Rakyat Daha adalah penganut agama Hindu yang kuat. Mereka selalu meng dakan berbagai upacara keagamaan. Di amping itu, setiap hari mereka juga rajin pergi ke pura menghadap Sang Hyang Widi Wasa. Mereka percaya bahwa ketentraman dan kedamaian yang mereka rasakan selama ini adalah rahmat dan berkah dari Sang Hyang Danendra, Dewa Kekayaan.

Perbedaan antar kasta, baik kasta Sudra, Waisya, Satria, maupun kasta Brahmana, bukan penghalang bagi rakyat Daha untuk saling menghormati. Mereka tahu menempatkan diri. Masing-masing berada dalam lapisan masyarakat mereka. Semua berjalan seperti adanya, sesuai dengan aturan, tanpa pernah ada perselisihan dan pertengkaran.
Saat matahari sudah menampakkan wajahnya dan cuaca sangat cerah, Kedua putra mahkota, Jayabaya dan Jayasaba sudah siap di halaman istana dengan kuda masing-masing. Kedua putra raja itu seperti pinang dibelah dua, gagah dan perkasa bagai sang surya.
Raja Airlangga dengan mahkota di kepala dan berkain bercorak perada, warna emas, Raja duduk gagah di atas kuda. Para hulubalang, Ken Demung, Ken Tumenggung, dan Ken Patih, sudah siap mengiringi perjalanan resmi ini. Para hulubalang istana sudah berbaris mengiringi perjalanan Raja Airlangga. Ketika gerbang istana dibuka, suara genderang, gamelan, dan gong bersahutan merestui keberangkatan Sang Ratu.

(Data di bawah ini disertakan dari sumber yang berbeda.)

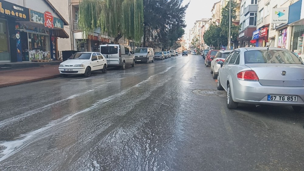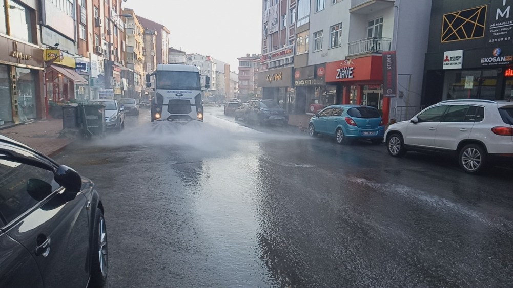 Zonguldak’ın Ereğli ilçe belediyesi tarafından sokağa çıkma yasağında cadde ve sokaklar yıkanarak dezenfekte edildi.

Kerajaan Daha sudah cukup jauh mereka tinggalkan, raja itu berthenti sejenak memandang ke belakang, menatap kerajaannya dari jauh. “Betapa indahnya kerajaan kita, Anakku! Lihatlah tangga kerajaan yang empat puluh empat itu seperti ular, melingkar menuju pintu kerajaan,” katanya kepada kedua putranya.
Kedua anak muda yang diajak bicara turut memperhatikan kerajaan itu dari jauh.
“Ya, Ayah, memang sangat indah. Betapa kukuhnya kerajaan itu, tinggi seperti di awan,” sahut Jayasaba menimpali ucapan ayahnya. Kerajaan Daha memang terletak di atas bukit, tinggi menjulang. Tangga menuju kerajaan meliak-liuk sampai di gerbang kerajaan dan di kiri kanan berhiaskan aneka bunga.

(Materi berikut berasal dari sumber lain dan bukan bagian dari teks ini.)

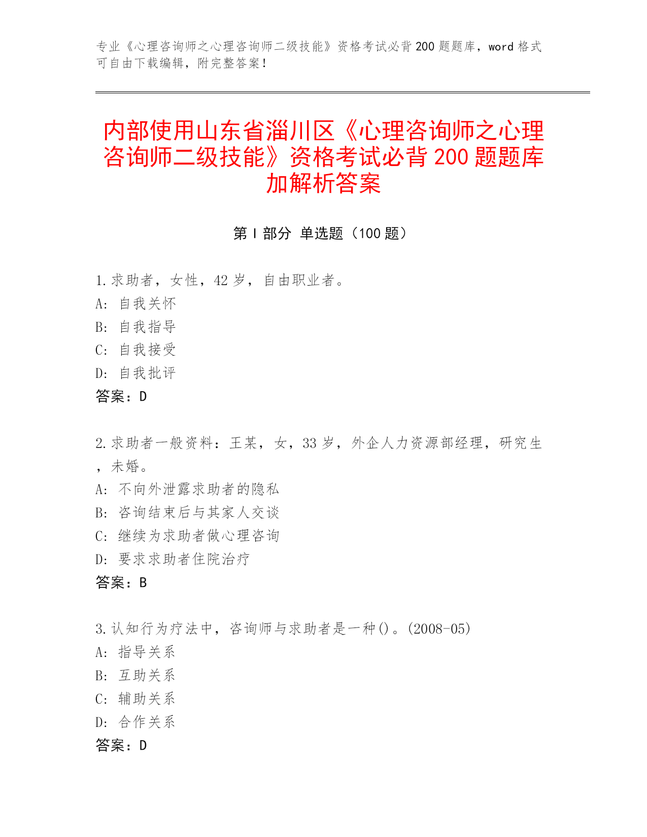 内部使用山东省淄川区《心理咨询师之心理咨询师二级技能》资格考试必背200题题库加解析答案

Rombongan terus berjalan menyusuri hari yang mulai gelap. Kedamaian dan rasa syukur tersimpan jauh di dalam lubuk hati mereka.

KEDAMAIAN YANG TERUSIK

Desa Jirah yang dikunjungi rombongan Raja memang cukup jauh dari Daha, tetapi desa itu masih mendapat perhatian dari kerajaan. Desa ini pun terkenal sebagai desa yang sangat subur, tanahnya bagus ditanami padi. Di ujung desa itu, ada sebuah rumah yang agak terpencil, jauh dari para tetangga. Pondok tua itu dikelilingi hutan jati sehingga di sekelilingnya kelihatan gelap meskipun pada siang hari.

Di tengah hutan itulah tinggal sebuah keluarga yang hanya dihuni oleh seorang janda, yaitu Ki Rangda dan anak gadisnya, Ratna Manggali. Ki Rangda oleh penduduk setempat dijuluki sebagai Calon Arang.

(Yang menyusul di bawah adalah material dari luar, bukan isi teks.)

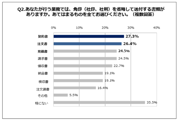 結果は、Q1で“角印が必要な書類”トップだった「契約書」が、こちらでも最多で27.3%だった。それ以外は「注文書」26.4%、「見積書」24.5%と続いた。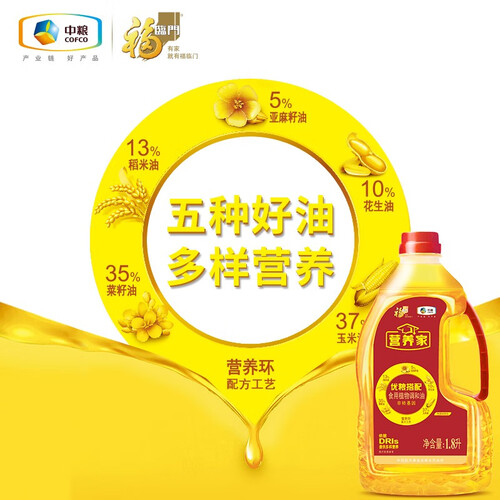 油品包含了稻米油的纯、菜籽油的香、玉米油的甘、花生油的润和亚麻籽油的醇,五种优质油品按照科学配比调制,气息香浓无比。

Tidak terlalu aneh kalau penduduk sekitar tempat itu takut bertandang ke rumah Ki Rangda karena wanita itu tidak ramah penampilannya. la selalu mencurigai setiap tamu dan tetangga yang mendekat. Ketidakramahan Ki Rangda sangat terlihat dari raut wajahnya yang sinis. Wanita tua itu badannya mulai bongkok dan pakaiannya lusuh. Tubuh tidak tinggi dan kurus, mukanya lebar dan pucat, kedua matanya sipit, hidungnya panjang, dan tulang pipinya menonjol, tanda kekerasan. Ram­butnya yang panjang selalu digerai sehingga menambah kusam wajahnya. Jika berjalan, kedua tangannya selalu ke belakang, dan jarinya saling menggenggam.

Dari kejauhan terlihat wanita tua itu sedang mencari sesuatu, bolak-balik dari samping rumah ke depan. Karena tidak menemukan apa yang dicari, wanita itu berteriak memanggil anaknya, “Ratna Manggali, cepatlah kemari. Di mana sesajen yang kemarin sore aku ramu.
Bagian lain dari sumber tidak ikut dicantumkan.